PENDAHULUAN
Surat keterangan dokter dapat didefinisikan sebagai surat keterangan yang diberikan oleh
seorang dokter secara profesional mengenai keadaan tertentu yang diketahuinya dan dapat
dibuktikan kebenarannya.
Surat keterangan berbadan sehat adalah surat keterangan yang diberikan dokter untuk
pemohon yang dinyatakan berbadan sehat setelah melalui serangkaian pemeriksaan. Surat
Keterangan Sehat berlaku selama 6 (enam) bulan sejak tanggal diterbitkan.
Surat keterangan dokter yang biasa diberikan oleh dokter antara lain adalah: Surat
keterangan sehat (untuk berbagai keperluan seperti memperoleh SIM, mengajukan klaim
asuransi, menikah, melamar pekerjaan, dan lain-lain), Surat keterangan sakit/istirahat sakit,
Surat keterangan kelahiran, Surat keterangan kematian, Surat keterangan kematian untuk
asuransi, Surat keterangan cacat, Surat keterangan ahli yang berkaitan dengan pemeriksaan
forensik (Visum et Repertum); mengenai pembuatan Visum et Repertum dibahas dalam bab
tersendiri, Laporan mengenai penyakit menular, dan Kuitansi.
Aturan yang terkait dengan pembuatan surat keterangan dokter adalah: Bab I Pasal 7
KODEKI (Kode Etik Kedokteran Indonesia) , Bab II Pasal 12 KODEKI dan Paragraph 4
Pasal 48 Undang Undang No 29 Tahun 2004 tentang Praktek Kedokteran
Implikasi Hukum terhadap Standar Kompetensi Dokter : Hukum Pidana (Pasal 263, 267,
268), Hukum Perdata (Pasal 322, 1365, 1366, 1367), Pelanggaran Disiplin Medis (MKDKI) ,
Pelanggaran Etika Kedokteran (KODEKI) , UU No. 29 Tahun 2004 Tentang Praktik
Kedokteran, UU No. 36 Tahun 2009 Tentang Kesehatan, dan UU No. 44 Tahun 2009
Tentang Rumah Sakit.
BAB II
TINJAUAN PUSTAKA
A. Definisi
Surat keterangan dokter dapat didefinisikan sebagai surat keterangan yang diberikan oleh
seorang dokter secara profesional mengenai keadaan tertentu yang diketahuinya dan dapat
dibuktikan kebenarannya.
Surat keterangan berbadan sehat adalah surat keterangan yang diberikan dokter untuk
pemohon yang dinyatakan berbadan sehat setelah melalui serangkaian pemeriksaan.

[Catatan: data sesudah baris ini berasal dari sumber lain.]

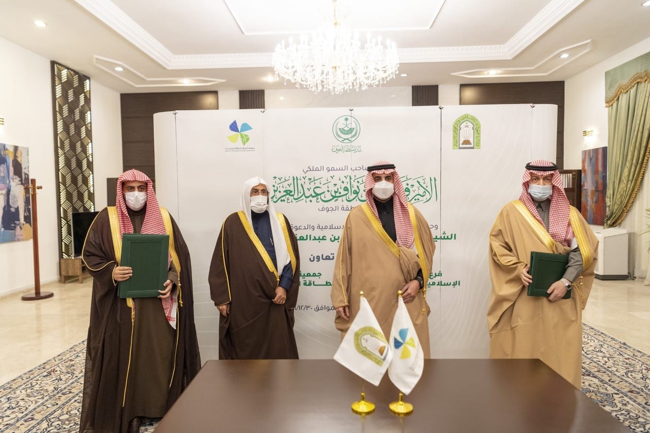 عقب ذلك شهد سمو أمير المنطقة الرئيس الفخري لجمعية الجوف للطاقة المتجددة ومعالي وزير الشؤون الإسلامية ، مراسم توقيع اتفاقية بين فرع الوزارة بالمنطقة والجمعية، والتي وقعها المدير العام للفرع الشيخ محمد بن دخيل الدخيل والأمين العام للجمعية الدكتور جهاد زين العابدين.
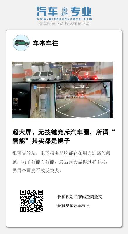 只能说,现在很多行业的做法已经让人看不懂了。也不止是汽车行业,家电行业也是如此。不管是冰箱、洗衣机、空调、电饭煲,加上个大屏就是“智能”,不仅能刷抖音、听音乐,居然还能看广告。说到头里,“智能”应该是锦上添花,而不是画蛇添足。很可惜的是,眼下很多品牌都存在用力过猛的问题,为了智能而智能,最后只会显得过犹不及,弄得个画虎不成反类犬。

Surat
Keterangan Sehat berlaku selama 6 (enam) bulan sejak tanggal diterbitkan.
Perlu dipahami bahwa praktik kedokteran adalah rangkaian kegiatan yang dilakukan oleh
dokter dan dokter gigi terhadap pasien dalam melaksanakan upaya kesehatan. Adanya
pengaturan praktik kedokteran bertujuan untuk :
a. memberikan perlindungan kepada pasien;
b. mempertahankan dan meningkatkan mutu pelayanan medis yang diberikan oleh dokter
dan dokter gigi; dan
c. memberikan kepastian hukum kepada masyarakat, dokter dan dokter gigi.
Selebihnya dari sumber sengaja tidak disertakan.